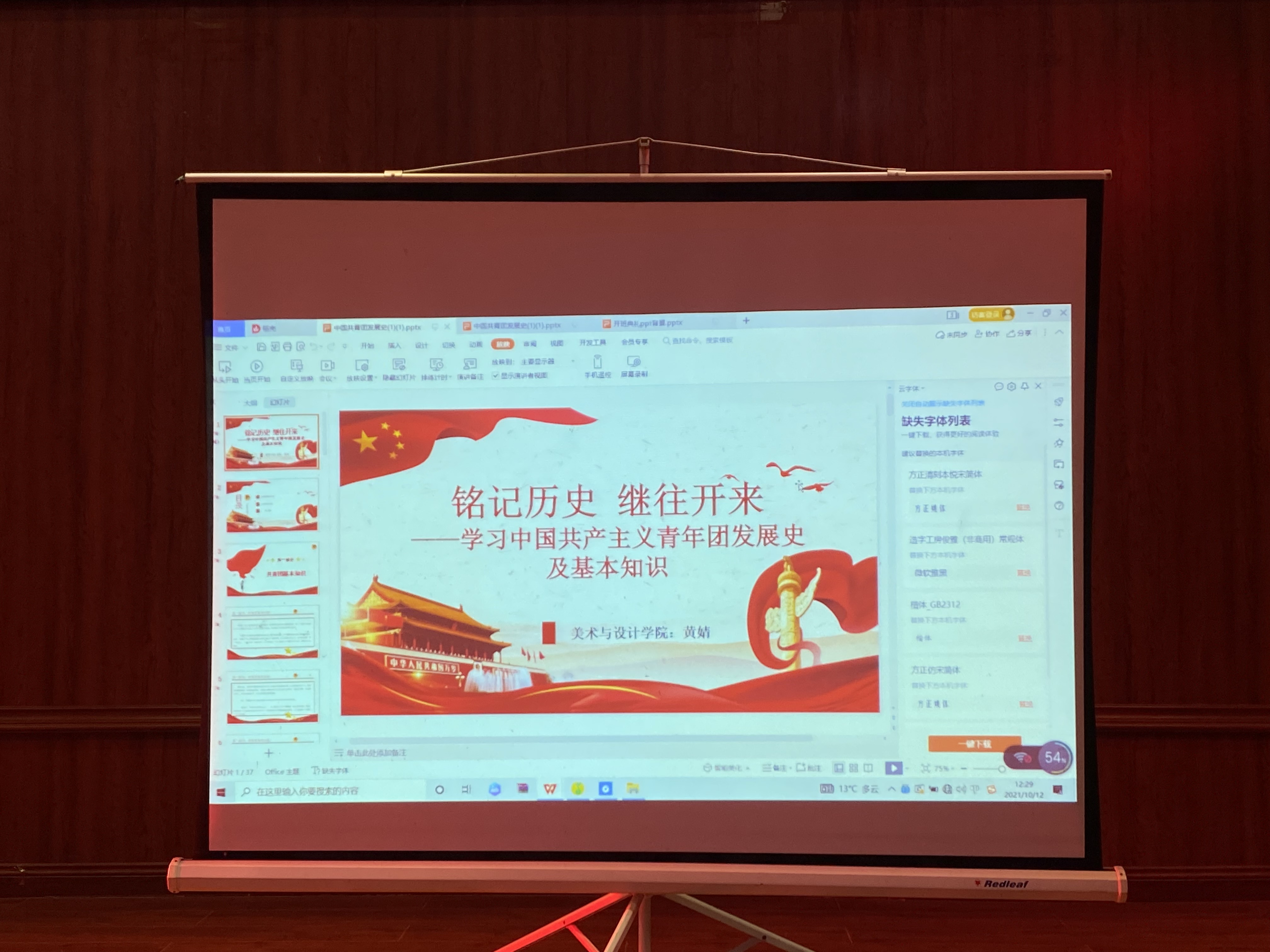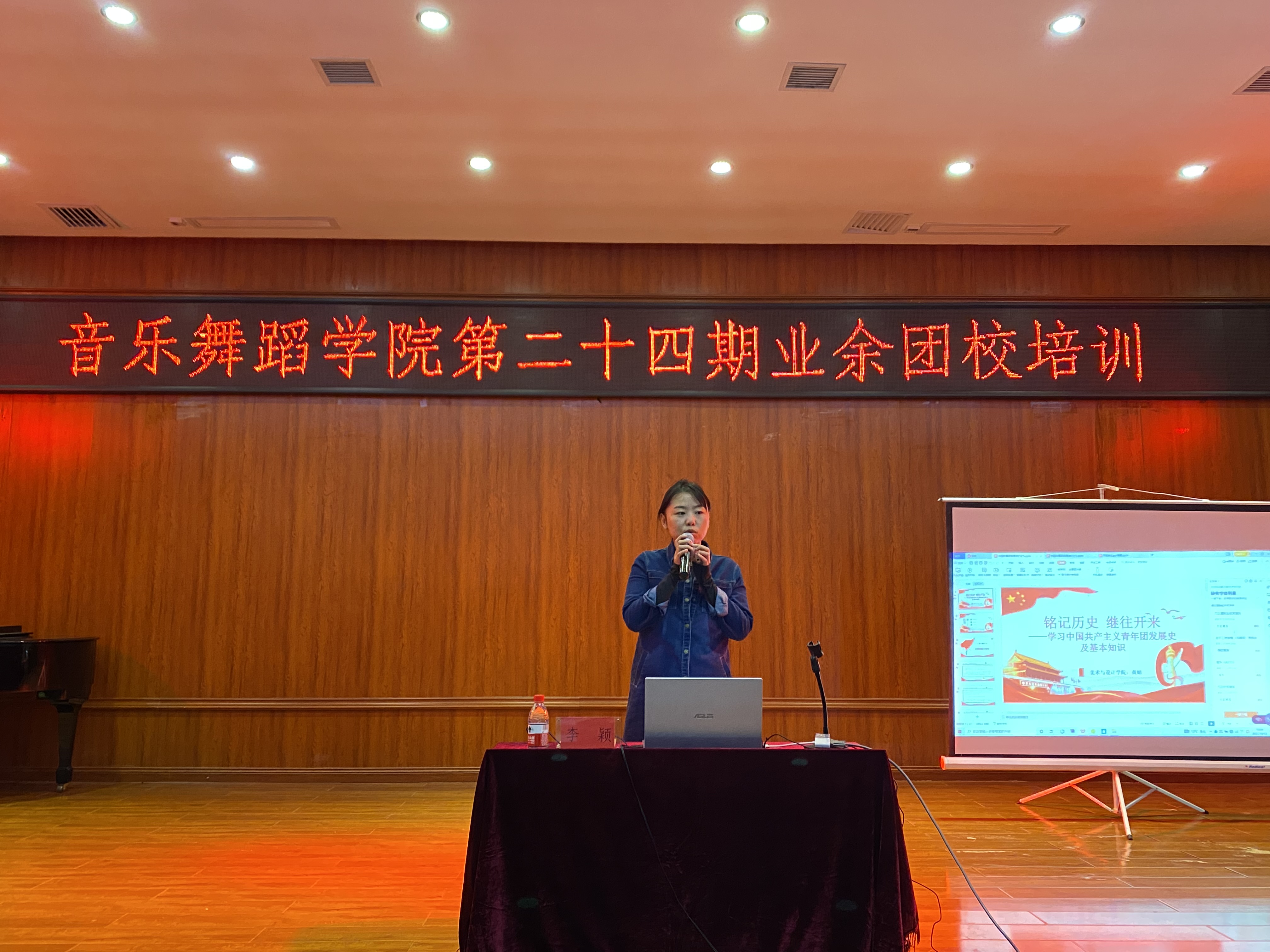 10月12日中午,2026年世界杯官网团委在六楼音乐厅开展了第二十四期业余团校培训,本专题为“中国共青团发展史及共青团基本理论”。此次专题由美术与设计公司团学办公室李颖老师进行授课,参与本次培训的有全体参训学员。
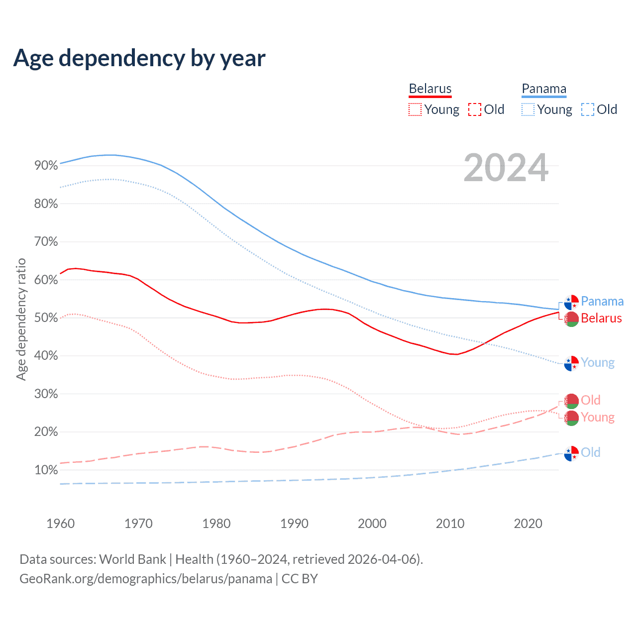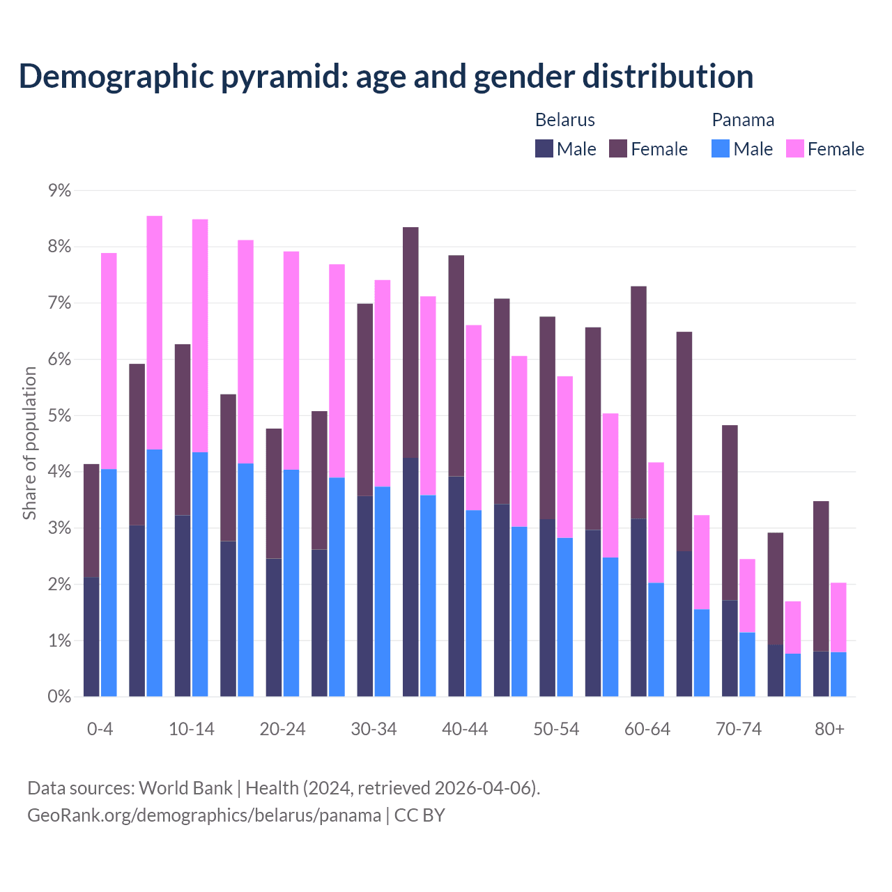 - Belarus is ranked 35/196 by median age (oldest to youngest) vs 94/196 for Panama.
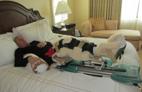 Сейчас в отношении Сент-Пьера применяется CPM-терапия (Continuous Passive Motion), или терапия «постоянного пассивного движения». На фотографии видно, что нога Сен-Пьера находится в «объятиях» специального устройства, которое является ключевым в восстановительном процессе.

■ **Work task**:
Copy out the material above exactly; the images stay out.

■ **Output of the task**:
 10月12日中午,2026年世界杯官网团委在六楼音乐厅开展了第二十四期业余团校培训,本专题为“中国共青团发展史及共青团基本理论”。此次专题由美术与设计公司团学办公室李颖老师进行授课,参与本次培训的有全体参训学员。
 - Belarus is ranked 35/196 by median age (oldest to youngest) vs 94/196 for Panama.
 Сейчас в отношении Сент-Пьера применяется CPM-терапия (Continuous Passive Motion), или терапия «постоянного пассивного движения». На фотографии видно, что нога Сен-Пьера находится в «объятиях» специального устройства, которое является ключевым в восстановительном процессе.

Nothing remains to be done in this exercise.